**Prompt**
Beginning at the line that contains "大眾網濟南5月30日訊(大眾網-生活日報聯合報道組 記者 曹亮" and finishing at the line that contains "單位制式 | 里氏(HL)、布氏(HB)、洛氏B(HRB)、洛氏C(HRC)、洛氏A(HRA)、維氏(HV)、肖氏(HS) |", output the data below exactly. Include both end lines and no pictures.

··· Data for this exercise ···

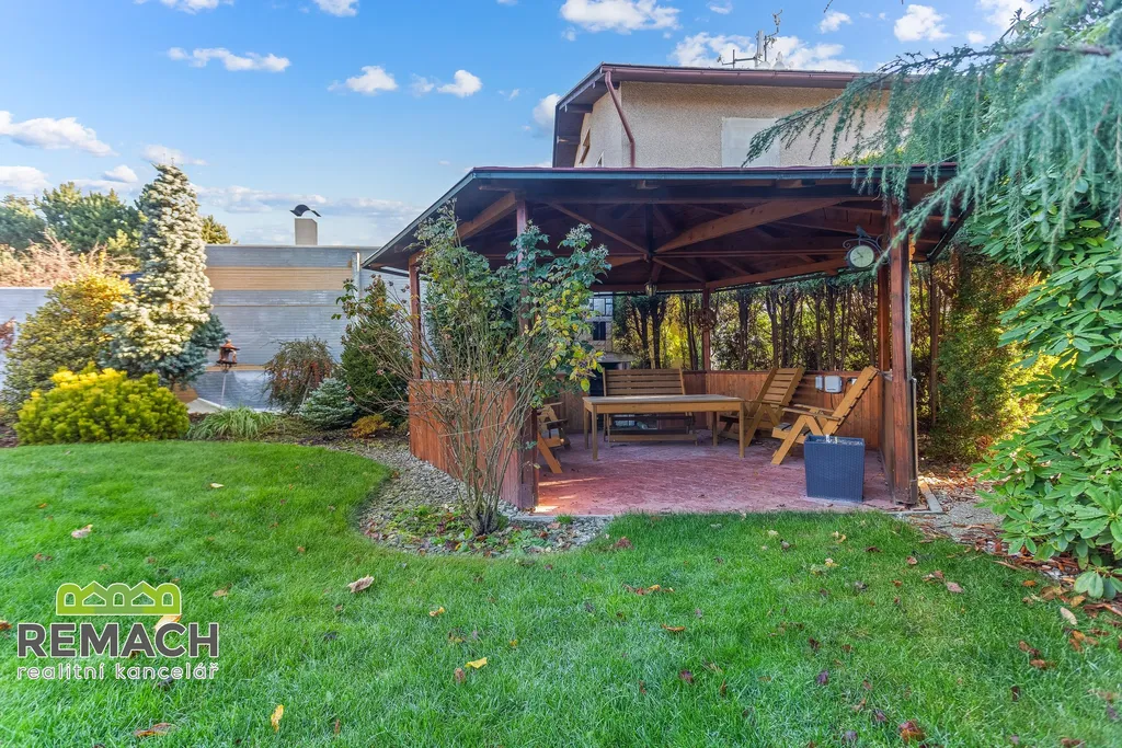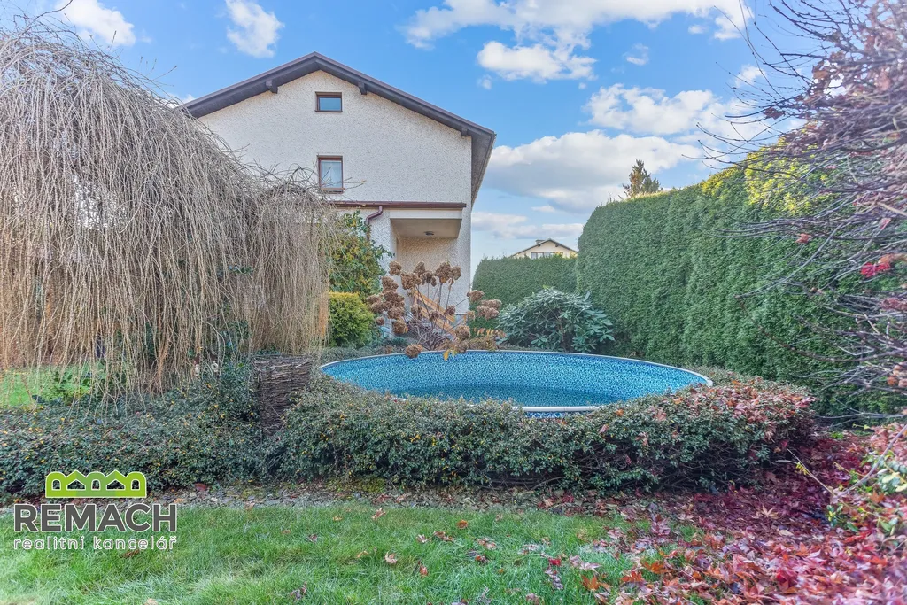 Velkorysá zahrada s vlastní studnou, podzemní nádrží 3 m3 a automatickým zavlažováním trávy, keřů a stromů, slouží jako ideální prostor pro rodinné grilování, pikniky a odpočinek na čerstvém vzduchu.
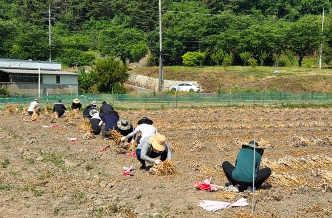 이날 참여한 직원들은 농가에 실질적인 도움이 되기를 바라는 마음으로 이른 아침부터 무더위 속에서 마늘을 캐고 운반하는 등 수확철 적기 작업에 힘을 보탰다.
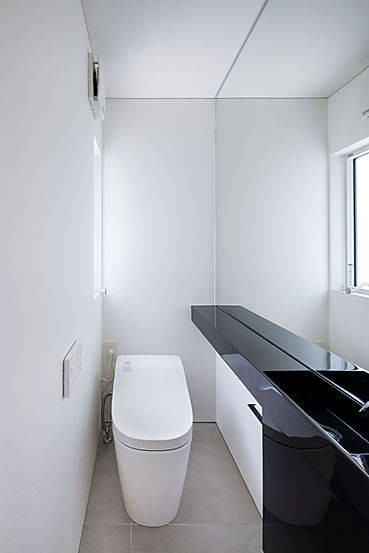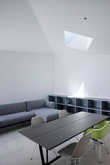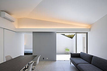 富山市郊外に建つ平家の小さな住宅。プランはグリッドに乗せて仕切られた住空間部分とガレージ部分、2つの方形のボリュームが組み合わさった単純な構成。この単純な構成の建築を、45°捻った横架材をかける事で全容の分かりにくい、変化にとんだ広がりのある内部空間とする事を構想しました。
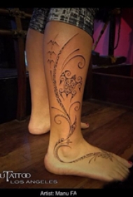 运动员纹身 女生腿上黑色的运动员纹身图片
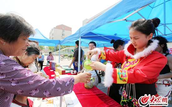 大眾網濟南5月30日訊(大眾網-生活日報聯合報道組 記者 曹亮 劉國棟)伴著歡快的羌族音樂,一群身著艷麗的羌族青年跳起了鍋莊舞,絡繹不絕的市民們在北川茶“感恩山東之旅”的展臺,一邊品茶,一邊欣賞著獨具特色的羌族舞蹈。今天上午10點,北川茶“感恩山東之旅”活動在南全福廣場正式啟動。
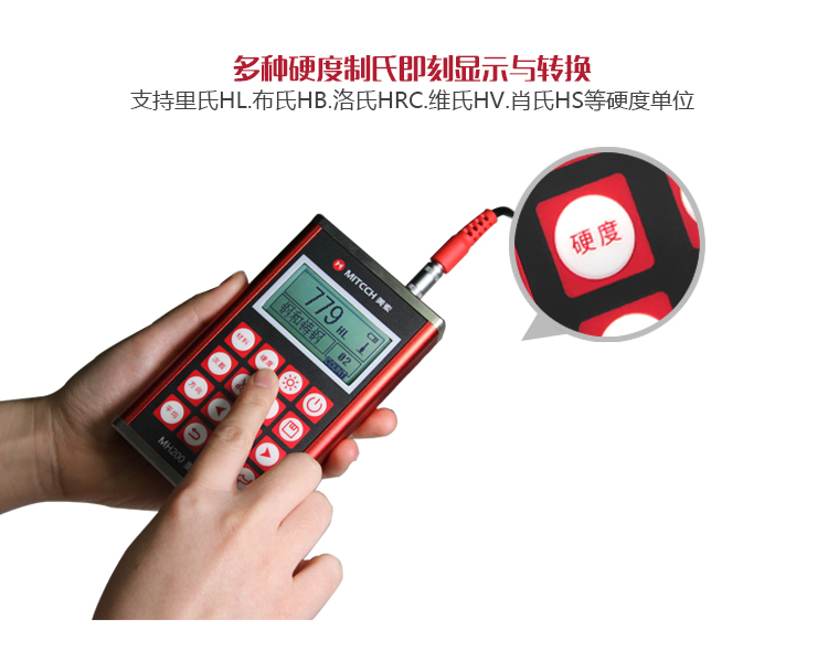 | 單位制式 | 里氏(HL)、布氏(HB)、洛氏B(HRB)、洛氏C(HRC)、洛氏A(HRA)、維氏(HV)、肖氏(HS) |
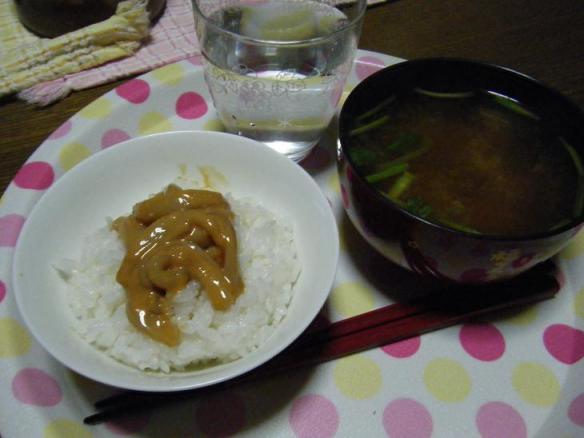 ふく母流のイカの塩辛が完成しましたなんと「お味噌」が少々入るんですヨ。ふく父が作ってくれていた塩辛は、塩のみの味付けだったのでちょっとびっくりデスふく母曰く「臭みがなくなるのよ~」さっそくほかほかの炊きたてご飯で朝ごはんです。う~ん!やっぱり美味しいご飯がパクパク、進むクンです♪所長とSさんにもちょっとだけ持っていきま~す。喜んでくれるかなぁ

···
··· Data for this exercise ···

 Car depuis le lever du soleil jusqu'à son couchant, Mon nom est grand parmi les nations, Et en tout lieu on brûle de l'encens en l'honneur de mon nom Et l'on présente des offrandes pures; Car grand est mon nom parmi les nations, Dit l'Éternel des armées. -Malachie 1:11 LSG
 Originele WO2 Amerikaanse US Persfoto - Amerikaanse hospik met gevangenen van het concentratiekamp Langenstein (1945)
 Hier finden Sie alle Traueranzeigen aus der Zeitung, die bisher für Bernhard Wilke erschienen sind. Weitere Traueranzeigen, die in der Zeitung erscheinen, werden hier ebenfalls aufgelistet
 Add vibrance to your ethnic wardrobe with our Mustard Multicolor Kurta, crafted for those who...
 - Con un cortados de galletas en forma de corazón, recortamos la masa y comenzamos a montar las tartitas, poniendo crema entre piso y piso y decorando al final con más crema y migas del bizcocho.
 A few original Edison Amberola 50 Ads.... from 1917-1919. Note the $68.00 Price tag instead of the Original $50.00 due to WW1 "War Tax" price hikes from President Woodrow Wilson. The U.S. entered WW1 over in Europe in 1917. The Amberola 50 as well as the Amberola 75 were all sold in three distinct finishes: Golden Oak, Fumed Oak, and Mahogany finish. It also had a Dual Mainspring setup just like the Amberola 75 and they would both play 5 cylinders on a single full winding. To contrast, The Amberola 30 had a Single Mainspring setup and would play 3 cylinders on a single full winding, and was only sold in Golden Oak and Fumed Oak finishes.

···
··· Data for this exercise ···

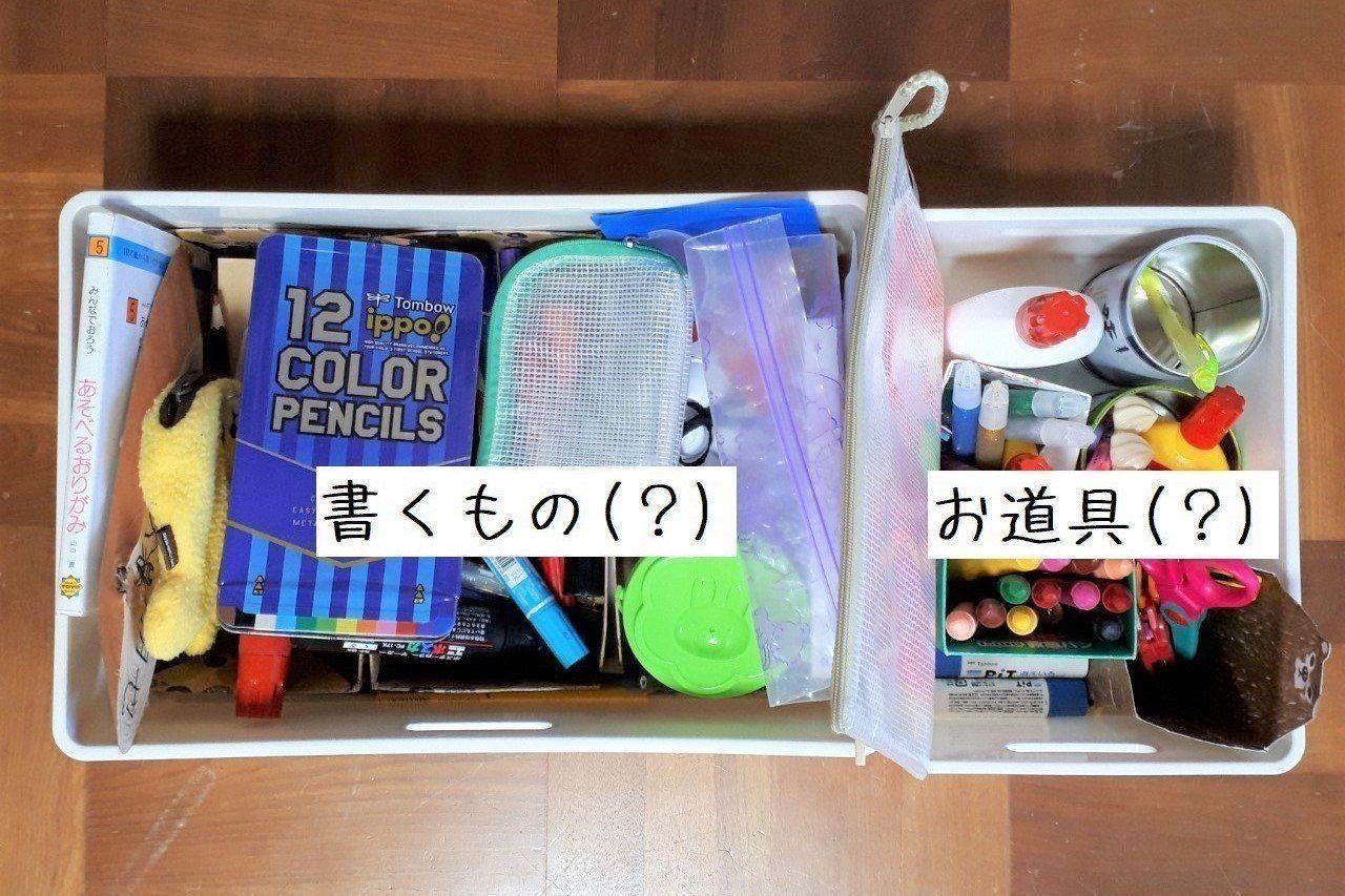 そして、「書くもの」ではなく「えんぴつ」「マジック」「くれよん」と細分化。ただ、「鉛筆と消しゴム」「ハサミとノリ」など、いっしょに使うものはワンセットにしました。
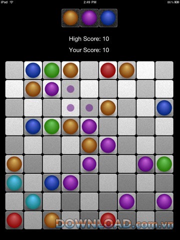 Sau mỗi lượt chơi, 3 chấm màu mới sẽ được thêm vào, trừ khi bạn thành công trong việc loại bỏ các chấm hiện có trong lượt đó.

···

**Your solution**
 大眾網濟南5月30日訊(大眾網-生活日報聯合報道組 記者 曹亮 劉國棟)伴著歡快的羌族音樂,一群身著艷麗的羌族青年跳起了鍋莊舞,絡繹不絕的市民們在北川茶“感恩山東之旅”的展臺,一邊品茶,一邊欣賞著獨具特色的羌族舞蹈。今天上午10點,北川茶“感恩山東之旅”活動在南全福廣場正式啟動。
 | 單位制式 | 里氏(HL)、布氏(HB)、洛氏B(HRB)、洛氏C(HRC)、洛氏A(HRA)、維氏(HV)、肖氏(HS) |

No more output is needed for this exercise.